Using the framework of genocide, this volume analyzes the patterns of persecution of the Roma in Nazi-dominated Europe. Detailed case studies of France, Austria, Romania, Croatia, Ukraine, and Russia generate a critical mass of evidence that indicates criminal intent on the part of the Nazi regime to destroy the Roma as a distinct group. Other chapters examine the failure of the West German State to deliver justice, the Romani collective memory of the genocide, and the current political and historical debates. As this revealing volume shows, however inconsistent or geographically limited, over time, the mass murder acquired a systematic character and came to include ever larger segments of the Romani population regardless of the social status of individual members of the community.

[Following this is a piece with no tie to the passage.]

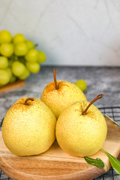 霜降時(shí)節(jié)吃秋梨是個(gè)不錯(cuò)的選擇。梨味甘性涼、微酸,具有清熱生津、潤肺化痰的功效,是防治秋燥的佳果。梨能維持細(xì)胞組織的健康狀態(tài),還能軟化血管。生食梨有清熱解毒、生津潤燥、清心降火作用;煎水或加蜜熬膏,有清熱潤肺、化痰止咳的作用。若與荸薺、蜂蜜、甘蔗等榨汁同服,效果更佳。梨含果酸多,不宜與堿性藥同用,如氨茶堿、小蘇打等。用以止咳化痰者,不宜選擇含糖量太高的甜梨。梨不應(yīng)與螃蟹同吃,以防引起腹瀉。因梨味甘,微酸,性寒,而蟹味咸,性寒,具有微毒。二者皆為冷利之品,同食傷腸胃。吃梨時(shí)喝熱水、食油膩食品會(huì)導(dǎo)致腹瀉。

The Nazi Genocide of the Roma brings together a valuable array of case studies that successfully challenge historical arguments minimizing the genocide of the Roma under the Nazis. The contributing scholars have shown not only how ethnicity informed criminality, but also how ambiguous policy against the Roma should not negate genocidal intent. This volume is a critical contribution to the field and should be required reading for any course on the Holocaust.” · History: Review of New Books

One does not usually praise the introduction to a collection of essays, whose principal function is to provide thematic continuity to a diverse body of works. But in this particular case Weiss-Wendt's lengthy introduction goes beyond the norm, providing not only continuity but also giving the reader a very scholarly, in-depth overview of the evolution of Roma Holocaust studies…It is this introduction of fresh perspectives and new evidence that makes this book so important. Roma Holocaust studies has long suffered from a dearth of concrete evidence that more fully details the fate of this understudied group. Weiss-Wendt helps to fill this void by opening new pathways of research and discussion for this important dimension of the Holocaust.” · The Russian Review

“This volume is a substantial contribution to Roma and Sinti Genocide scholarship. Each of the essays in this collection adds both substantively and substantially to our expanding understanding of the murder of European Roma and Sinti during WWII. All of the pieces are thoughtful and learned, and encourage both deeper reflection and a reexamination of present understandings of a wide variety of elemental historical aspects related to the racial and political anti-Gypsy policies of the Third Reich.” · Dialogues on Historical Justice and Memory

Nearly seventy years after the end of the Second World War and the liberation of Auschwitz and Belsen, new facts concerning the Nazi genocide of the Roma and Sinti are still emerging. This volume is particularly valuable in revealing the full horror of the German occupation of the Soviet Union and the activities of the Einsatzgruppen.”  ·  Donald Kenrick, author of Gypsies under the Swastika

… [This volume] provides an excellent overview and analysis of many key and previously understudied aspects of this complex and difficult topic. It combines several innovative regional studies with essays on the issues of German postwar legal responses and developments with regard to commemoration. By assembling high quality chapters from many of the leading scholars in the field, Anton Weiss-Wendt has made a major contribution to our understanding of the diverse fates of the Roma in the Holocaust.” · Martin Dean, author of Collaboration in the Holocaust


Anton Weiss-Wendt is Senior Lecturer in the research department at the Center for the Study of the Holocaust and Religious Minorities in Oslo, Norway. He is the author of Murder Without Hatred: Estonians and the Holocaust (2009) and Small-Town Russia: Childhood Memories of the Final Soviet Decade (2010), and the editor of Eradicating Differences: The Treatment of Minorities in Nazi-Dominated Europe (2010) and Racial Science in Hitler’s New Europe, 1939-1945 (with Rory Yeomans, 2013).